Absent the traditional fanfare that usually accompanies any notable change on Capitol Hill, I wonder if many folks in the profession were aware that the House Financial Services Committee has quietly assumed sole oversight of the Financial Accounting Standards Board. With the exception of a mention in the Congressional Record and what basically amounted to somewhat longer agate in several national dailies and wire services, the change - which has the potential to greatly impact future rulings from the Norwalk, Conn.-based standard-setter - drew about as much attention as a suggestive bathing suit in St. Tropez.
But first, a little background. Seems oversight of FASB, along with electronic trading outlets, was, for four years, shared between the Financial Services Committee and the Energy and Commerce Committee.
That co-responsibility was outlined in a January 2001 memorandum of understanding between Financial Services Committee chair Michael Oxley, R-Ohio, and Energy and Commerce Committee chair Rep. W.J. "Billy" Tauzin, R-La., who is now retired.
This compromise apparently had been brokered after GOP lawmakers reformatted what was the former House Banking Committee into what is now the HFSC and, in the process, gave it jurisdiction over the stock markets, the Securities and Exchange Commission and all that is accounting. However, Tauzin remained adamant that his committee retain oversight of FASB, and thus the reason for said memorandum. How would you have liked to have listened in on those negotiations?

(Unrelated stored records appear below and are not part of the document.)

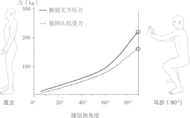 在蹲马步时股四头肌受力可达体重的25倍并长期处于疲劳状态导致肌肉僵化。麒股关节受力可达体重的3倍极易造成关节紊乱和劳损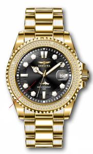INVICTA Pro Diver Lady 38mm Stainless Steel Gold Black dial PC32 Quartz , Band Material: Stainless Steel, Band Tone: Gold, Band Size [mm]: 20, Band Length [mm]: 175, Buckle Type: Fold over safety , Crown Type : Push, Case Material : Stainless Steel, Case Tone : Gold, Case Size (mm) : 38, Case Back : Solid, Material of Hands : Metal, Color of Hands : White,Gold, Crystal Type : Flame Fusion, Bezel Material : Stainless Steel, Dial Material : Metal, Dial Color : Black, Dial Pattern : Sun-ray Finish .Purchasing these parts and having a non-authorized repair center open your watch voids all manufacturing warranties. Invicta cannot guarantee the quality standards of an altered timepiece, the standard 3-year limited warranty on Invicta timepieces shall be invalid if the timepiece is serviced at any time by an unauthorized repair center. This includes battery replacements, which must be done at an Invicta authorized repair center in order to maintain the eligibility of the warranty. Please follow the link below to learn more about Invicta's warranty.https://cdn.invictawatch.com/www/files/invicta-warranty-2018.pdf
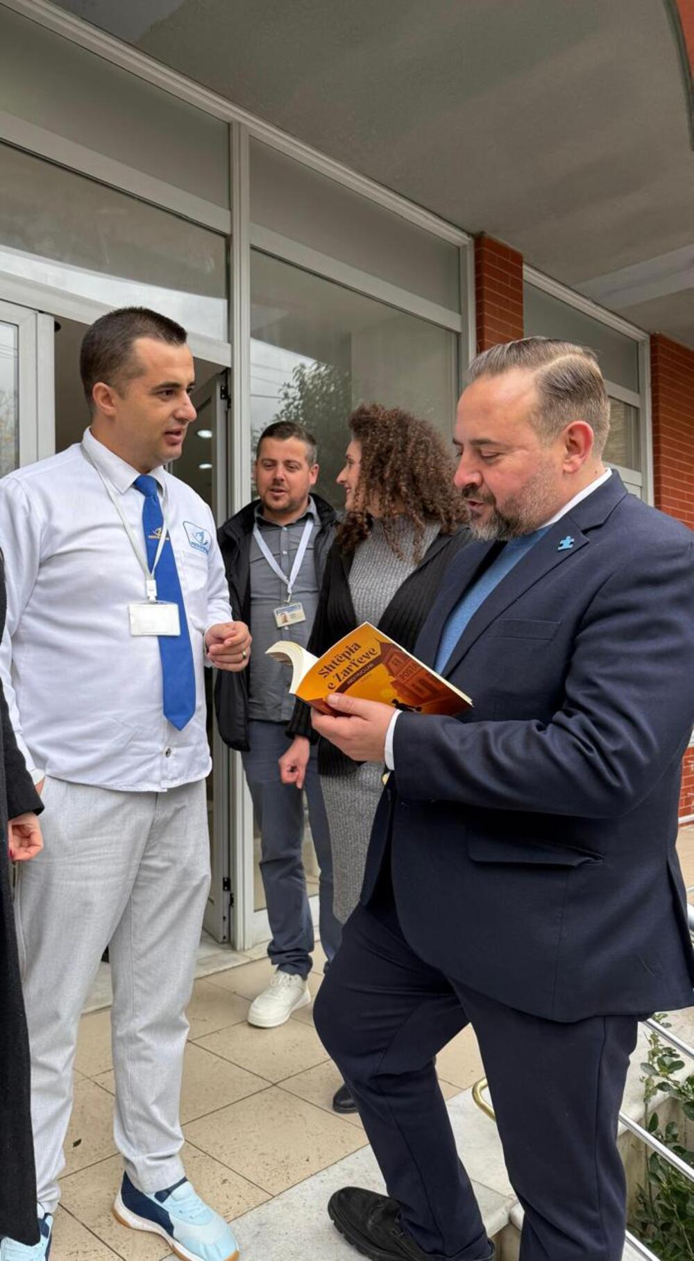 Vizita nisi me një surprizë të këndshme, ku z. Xhafaj u takua me postierin Ardi Muçllari, autor i librit “Shtëpia e Zarfeve”, një vepër që pasqyron me ndjeshmëri dhe realizëm botën e postierëve dhe përkushtimin e tyre në shërbim të komunitetit.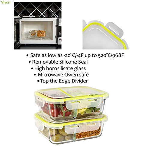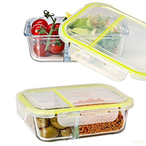 Vhari 2 contenitore per contenitori di cibo contenitore per alimenti (Set di 2 x 1040 ml) - Resistente alla tenuta e all'aria aperta - Congelatore, forno, lavastoviglie e forno a microonde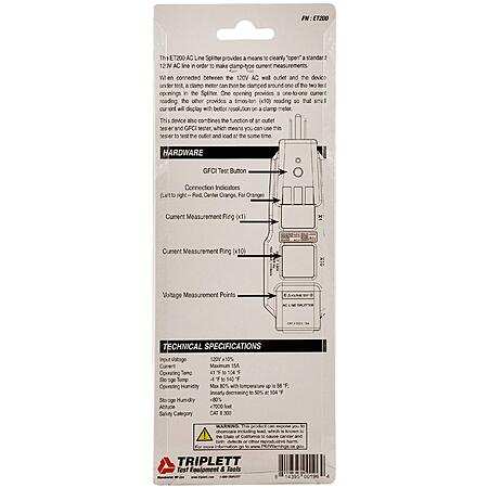 $12*:Triplett ET200 AC Line Splitter and GFCI Outlet/Receptacle Tester with 5 Visual Indicators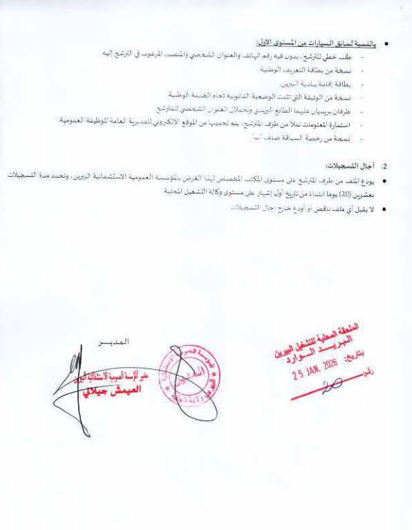 - تاريخ بداية إيداع الملفات: هو أول نشر بالجرائد الوطنية (جريدة الجمهورية باللغة العربية بتاريخ 2026/01/22 وجريدة La Concorde باللغة الأجنبية بتاريخ 2026/01/20) وأن آخر أجل لدفع ملفات الترشح سيكون يوم الإثنين 2026/02/09.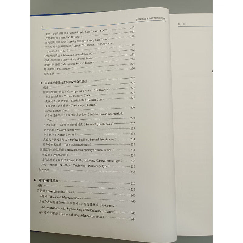 妇科肿瘤的病变种类繁多、组织形态变化大,冰冻切片诊断往往比较困难。原著对妇科常见疾病的临床特征、冰冻样本的大体/肉眼形态、镜下组织学特点以及相关的鉴别诊断做出精炼的论述,*关注术中冰冻切片会诊的适应证、局限性和潜在的陷阱。强调了关键性的诊断要点,同时讨论了冰冻切片诊断对手术过程中临床决策的影响。原著共分13个章节, 章导论介绍妇科病理学中冰冻切片评估的目的,冰冻样本的评估和取样,强调了术中冰冻诊断的成功策略; 章 *十三章分别 外阴与阴道、宫颈、子宫内膜上皮性病变、子宫间叶性肿瘤、宫内妊娠与妊娠滋养细胞肿瘤、输卵管、卵巢上皮性肿瘤、卵巢生殖细胞肿瘤、卵巢性索-间质肿瘤、卵巢非肿瘤性病变及无法归类的卵巢原发性肿瘤、卵巢转移性肿瘤、腹膜中可能需要术中冰冻病理诊断的疾病进行了简明描述,配有高质量的新鲜大体照片和冰冻切片显微镜图像,以帮助识别形态学特征,进而作为术中诊断的快速参考。这本书旨在为所有参与冰冻切片评估的病理医生/病理学家提供详细的术中冰冻诊断实践指导。
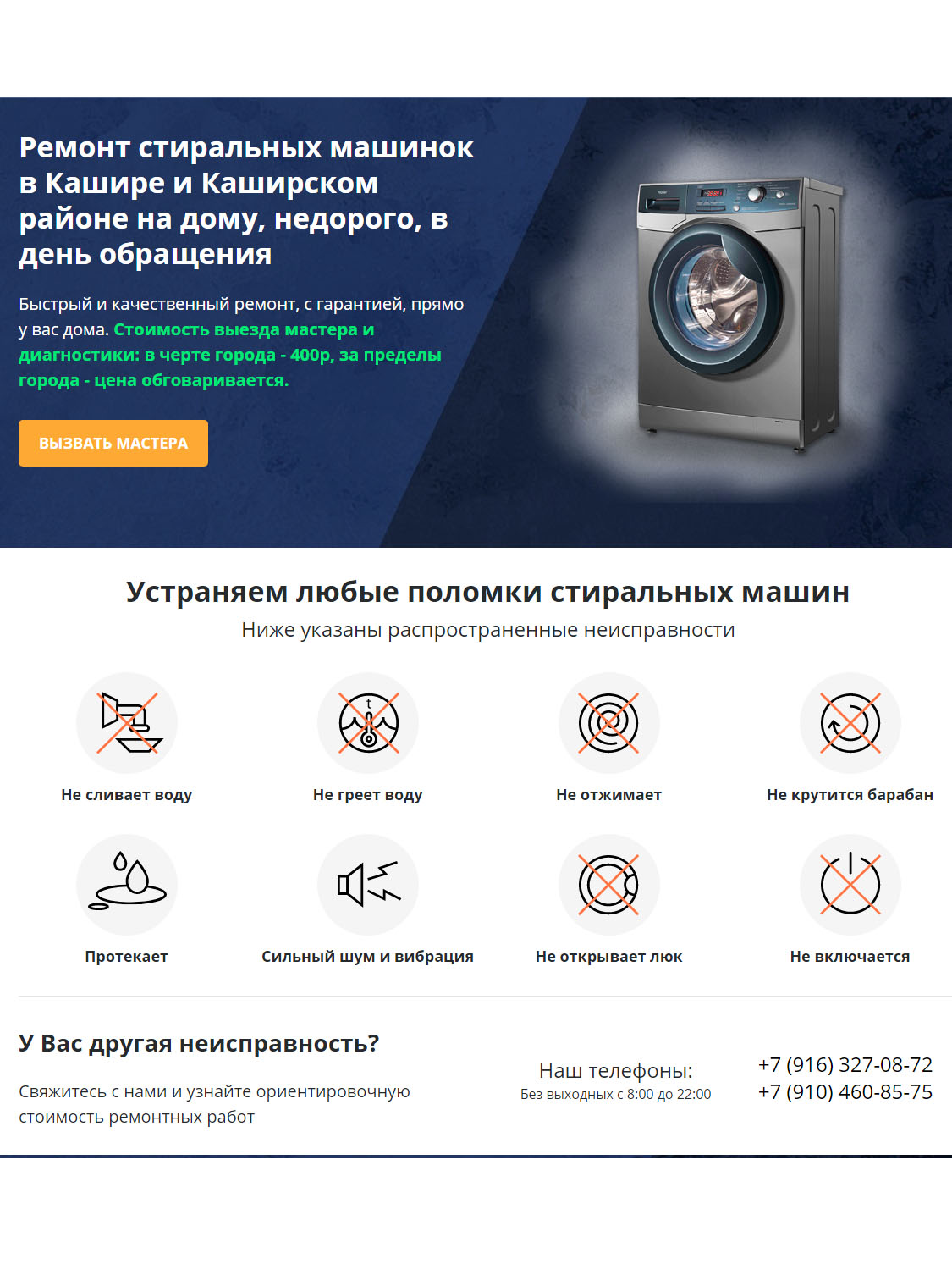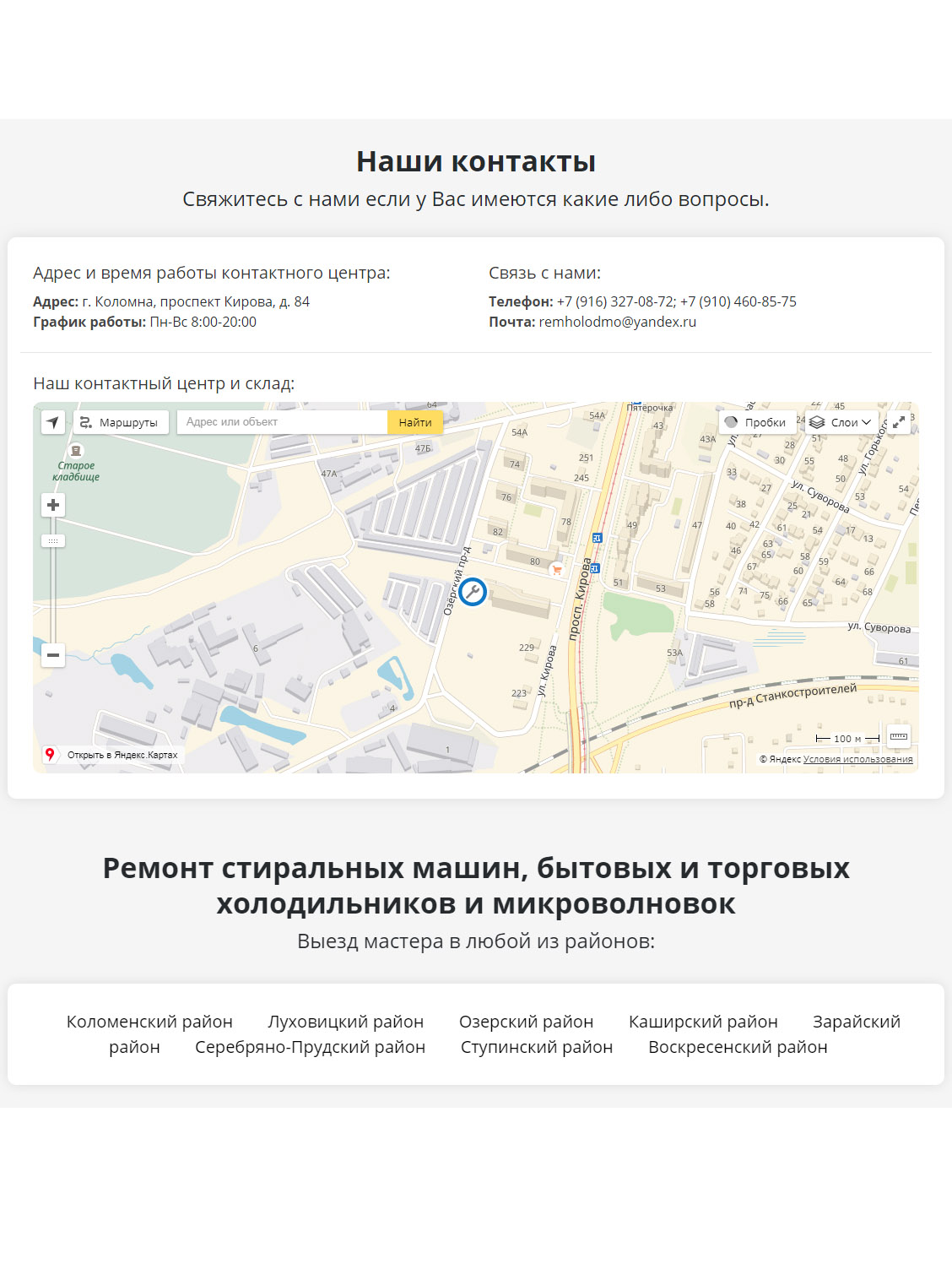 Для целей продвижения сайта были созданы посадочные страницы в ближайших к Коломне городах. Для легкости восприятия сайта были прорисованны иконки для всех основных элементов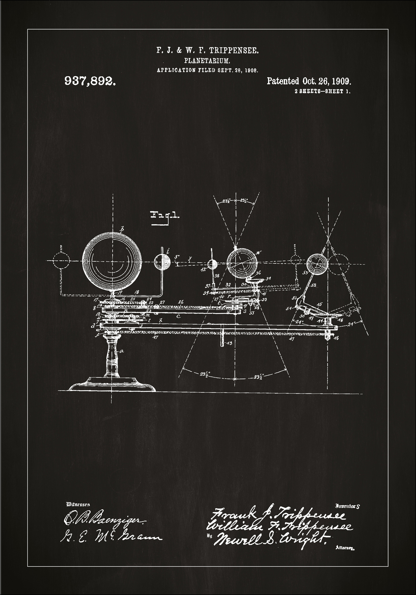 Ez a gondosan megtervezett szabadalmi poszter egy planetáriumot mutat be, egy eszközt, amely utat nyitott az égitestek mozgásának tanulmányozásához. A szabadalmi rajz F. J. & W. F. Trippensee tervezését ábrázolja, amely a 937 892-es szabadalmi számot kapta meg 1909. október 26-án, a 1908. szeptember 28-i kérelem után. Az építmény minden részlete és alkotóeleme szépen van visszaadva, feltárva ennek a csillagászati oktatási segédeszköznek a bonyolultságát és precizitását. Egy elbűvölő és inspiráló kép mindazok számára, akik rajonganak a csillagos égboltért és azokért az oktatási eszközökért, amelyeket a felfedezéséhez használtak.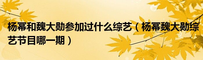 大家好,綜合小編來為大家講解下。楊冪和魏大勛參加過什么綜藝,楊冪魏大勛綜藝節目哪一期很多人還不知道,現在讓我們一起來看看吧!
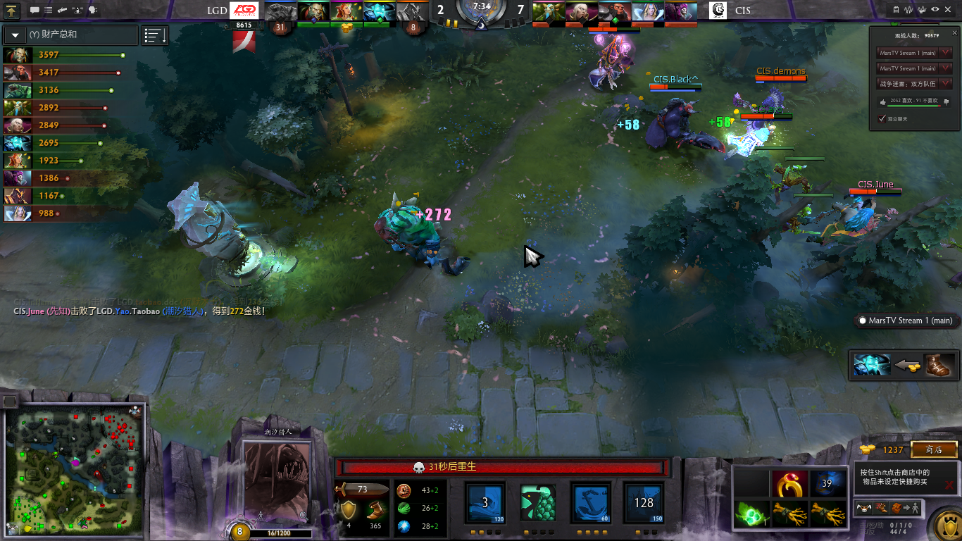 15分钟,凭借着斧王的出色发挥,CIS连续破塔,拔掉LGD的6座外塔。此时小B神的数据达到7/0/9。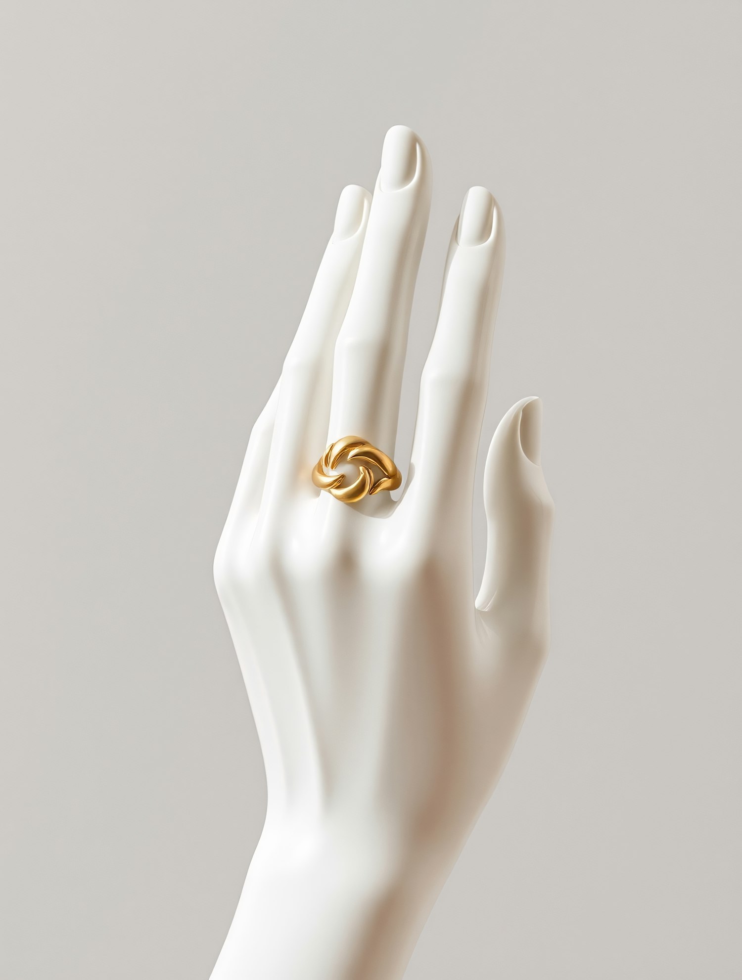 Elegant gold ring with intricate design on a white mannequin hand, set against a neutral background. Minimalist and striking.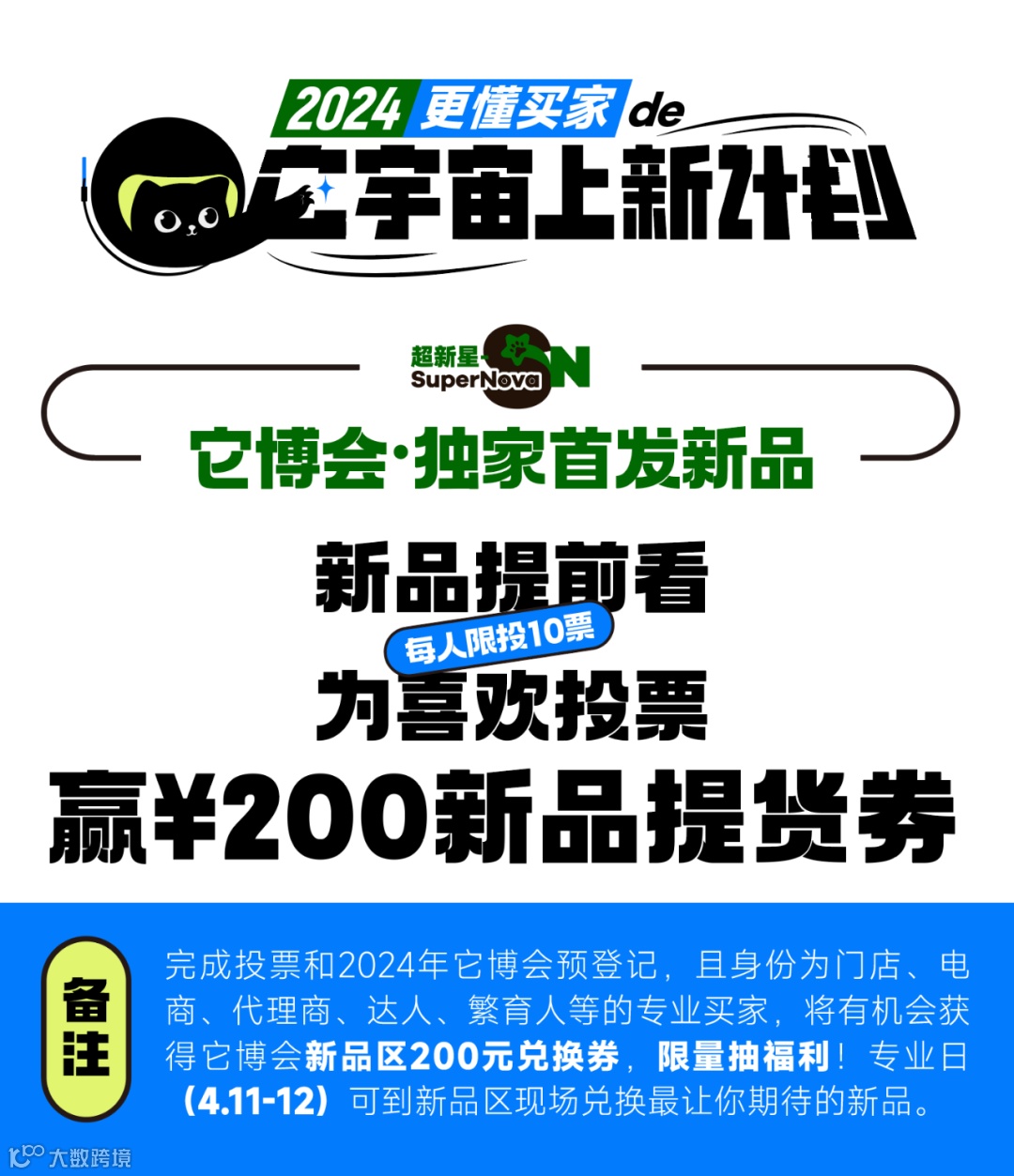 需要注意的是,只有同时完成它博会新品超级番投票和2024年它博会预登记,且身份为门店、电商、代理商、达人、繁育人等的专业买家,才有机会抽取限量福利。

Oxley, chairman of the Financial Services Committee was - as most already know - the co-author of the landmark Sarbanes-Oxley Act of 2002. Some wags in the profession insist on referring to SOX as the Sarbanes Bill, because, they claim, Sen. Paul Sarbanes, D-Md., chairman of the Senate Banking Committee, was responsible for most of the regulatory "teeth" in SOX.
That came in stark contrast to Oxley's initial corporate reform bill, which several people familiar with the situation told me was so soft you could essentially jump out of a plane without a parachute and land on it.
In a surprise to exactly no one, Oxley's version was preferred by many of the global audit firms and the American Institute of CPAs. And it's also no secret that the Ohio lawmaker was one of the key opponents of the original auditor independence reform proposals in the mid-to-late 1990s, while both he and Tauzin were staunch opponents of FASB's proposal several years ago to begin treating stock options as an expense.
But jumping forward to more contemporary developments, as in just last summer, FSC member Rep. Richard Baker, R-La., easily pushed through H.R. 3574, the Employee Stock Option Reform Act, a watered-down version of FASB's options expensing rule that basically entails expensing options just for a company's top five employees.
FASB's stock option expensing rule is slated to take effect in June, and has attracted a firestorm of opposition, particularly from the technology sector.
Oxley hasn't indicated whether he'll revisit options expensing this year. But there's a chance that more than a few folks up in Connecticut are holding their collective breath.